Good medical care, including access to drugs for HIV/ AIDS can mean a longer, healthier life for people living with HIV. The current treatment does not cure HIV, but the virus remains under control, allowing the immune system to stay strong.
The number of illnesses and deaths in people with HIV fell sharply after the emergence of combination therapy (the cocktail) was first used in the mid-1990.
Since then there were no major improvements in HIV treatment, except for the appearance of new drugs. Research has shown that HIV treatment means that someone with HIV has a life expectancy of more or less "normal".
Quite simply, HIV treatment works!
To get the maximum benefits of HIV treatment with ART (antiretroviral therapy) you need to take their treatment seriously, in the way your doctor has prescribed, every day.

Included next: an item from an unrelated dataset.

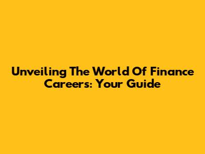 Unveiling The World Of Finance Careers: Your Guide

For most people get HIV treatment, which means that one or two tablets once per day. Many people will forget a dose at some point, but most anti-HIV agents will continue to work, if you lose an occasional dose and take it a few hours later.
You will have higher probability of getting the most benefit from HIV treatment if you begin to do this treatment before HIV have done much damage to your immune system. In Brazil, the standards of HIV treatment and care are set and controlled by the National STD / AIDS and Viral Hepatitis, an agency of the Ministry of Health.
Guidance on HIV treatment currently recommend that, after diagnosis, follow up the following guidelines drawn from the website of the National STD / AIDS and Viral Hepatitis:
After receiving the diagnosis of HIV infection, the patient should make an appointment with an AIDS specialist in the Specialized Assistance Service (SAE).
On that first visit, the patient must inform the initial medical history, diagnostic time, it has presented a serious disease and what are the conditions and lifestyle habits. Most likely, the first appointment, the doctor ask tests such as: complete blood count (blood), urine, feces, glucose (sugar), cholesterol and triglycerides (fats), X-ray chest, hepatitis B and C, tuberculosis and CD4 + T lymphocyte count tests (indicates the defense system) and viral load (the amount of virus circulating in the blood).
Depending on the outcome of the clinical and laboratory tests, it may be necessary for the HIV-positive to start antiretroviral therapy, which is drug treatment. The doctor will follow the patient, who must return regularly to the office within the time determined by the professionals. At SAE, consultations with psychologists, social workers, nutritionists, nurses and pharmacists are also available.
Consultation with the health professional is the right time to clarify any doubts. The patient should know how to take the medicines, what times they fit the routine or how to adjust their daily habits to take the medication regularly. The doctor should talk about the symptoms that can be caused by the medicines and what should be done if any of these side effects arise - most of the symptoms disappear within a few days. This first contact with the doctor is the initial step to successful treatment.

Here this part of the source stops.